Dynamic Context Relationship Acquisition System for UAV Target Detection
By using the dynamic context relationship acquisition system DyCC-Net, the execution or skipping of the context relationship acquisition module can be dynamically selected. Combined with pseudo-label semi-supervised learning, the problem of wasted computational resources in UAV target detection algorithms is solved, and efficient target detection performance is improved.
Patent Information
- Authority / Receiving Office
- CN · China
- Patent Type
- Patents(China)
- Current Assignee / Owner
- GUANGZHOU RES INST OF XIAN UNIV OF ELECTRONIC SCI & TECH
- Filing Date
- 2022-11-29
- Publication Date
- 2026-06-30
AI Technical Summary
On platforms with limited computing resources, drone target detection algorithms face a contradiction between huge computational overhead and insufficient computing power. In particular, the use of static architecture for images of varying recognition difficulty leads to a waste of computing resources.
A dynamic context acquisition system (DyCC-Net) for UAV target detection is designed. It learns the mapping function from the input image feature map to the gate signal through dynamic gate learning, dynamically selects to execute or skip the context acquisition module, and combines pseudo-label semi-supervised learning strategy to reasonably allocate computing resources.

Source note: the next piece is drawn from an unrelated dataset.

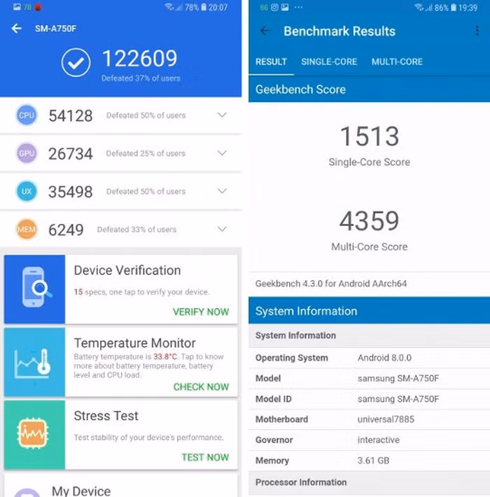 Kiểm tra cho thấy, điểm số mà Galaxy A7 2018 ghi được khá phù hợp với những gì người dùng có thể mong đợi từ một thiết bị trong phân khúc giá. Máy ghi được 122.609 điểm trên AnTuTu.
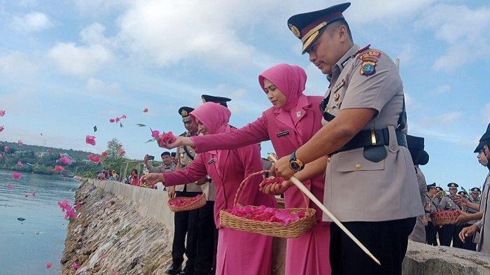 HUT ke-77 Bhayangkara, Polres Buton Tengah Gelar Upacara Tabur Bunga di Dermaga Lombe Buteng Sultra

It effectively reduces the computational cost of UAV target detection, reduces inference time to one-third of existing methods, and improves detection performance, with AP75 performance indicators being 1.97% higher.
Smart Images

Figure CN115830477B_ABST
Abstract
Description
Technical Field
[0001] This invention belongs to the fields of intelligent unmanned systems, artificial intelligence, and computer vision technology, and relates to a dynamic contextual relationship acquisition system for target detection in unmanned aerial vehicles. Background Technology
[0002] Unmanned aerial vehicle (UAV) platforms equipped with visible light cameras have attracted widespread attention. These platforms can be deployed quickly and cost-effectively in various emerging applications, such as aerial photography and aerial video surveillance. There is a strong demand for automatically identifying targets of interest in UAV images or video data. Thanks to advancements in deep neural networks in remote sensing image processing, algorithms for target detection from a UAV perspective (UAV target detection) have made significant progress.

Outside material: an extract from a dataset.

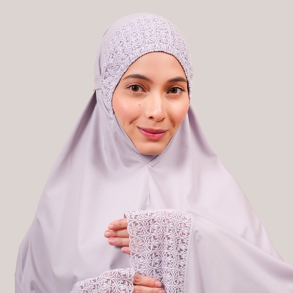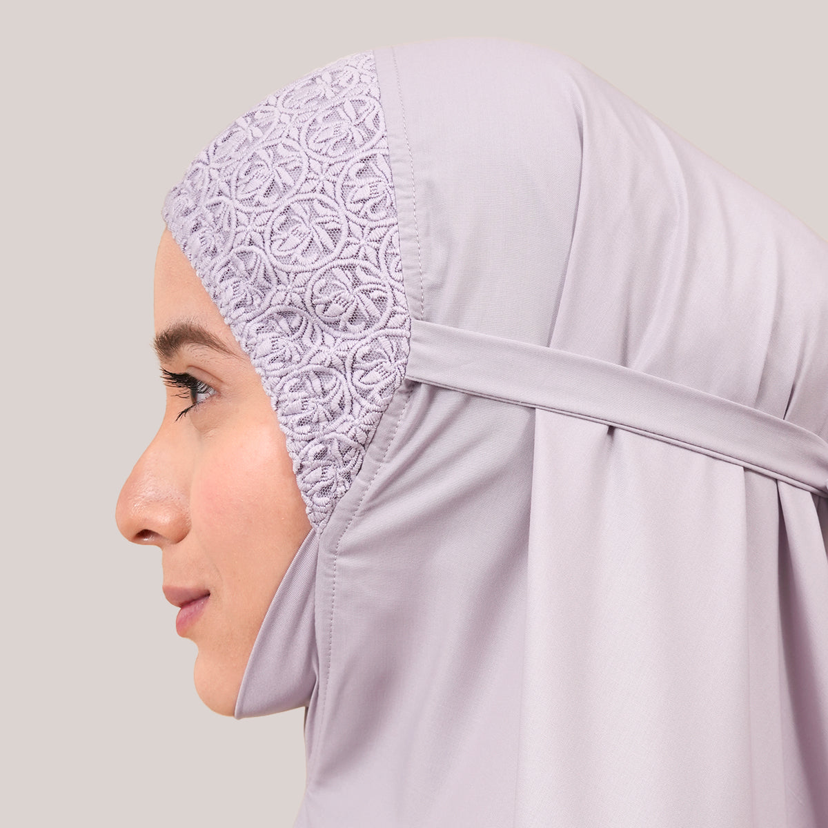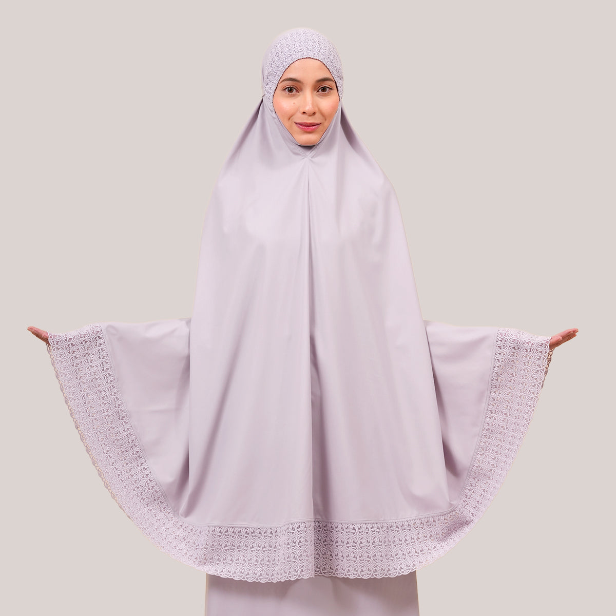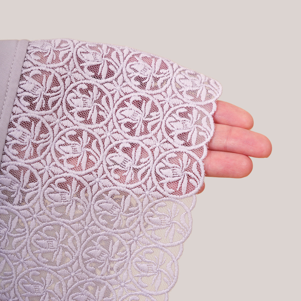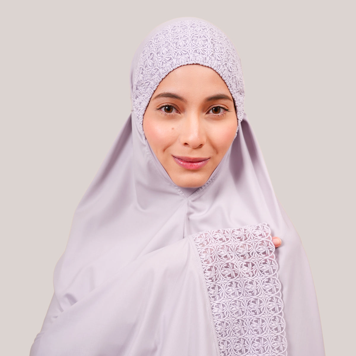 Modish Talitha is inspired by Mushaf motifs and features seamless lace designs that look elegant and luxurious while remaining minimal. Made with breathable and quick-drying KUF fabric, it feels soft on the skin and is comfortable to wear. The fine net lace finishing adds a graceful touch, reflecting the gentle, sweet, and captivating character behind the name Talitha.

[0003] Mainstream UAV target detection algorithms typically incorporate a contextual information acquisition module. This module gathers information about the surrounding environment of the target to enrich the information about the region containing low-quality targets. While this approach effectively improves the accuracy of existing detection algorithms, deploying it on a UAV platform and implementing onboard processing still presents numerous challenges. The most intractable problem is the contradiction between the algorithm's enormous computational overhead and the extremely limited computing power of the UAV platform.
[0004] Most drone target detection algorithms use a static architecture. For example... Figure 1 As shown, the context relationship acquisition module is used to process input images of varying recognition difficulty. Clearly, executing this acquisition module for simple images would result in a significant waste of computational resources. Summary of the Invention
[0005] The purpose of this invention is to provide a dynamic contextual relationship acquisition system for UAV target detection. This system can automatically distinguish images of different difficulty and autonomously select whether to execute the contextual relationship acquisition module, thereby reducing the overhead of the detection algorithm.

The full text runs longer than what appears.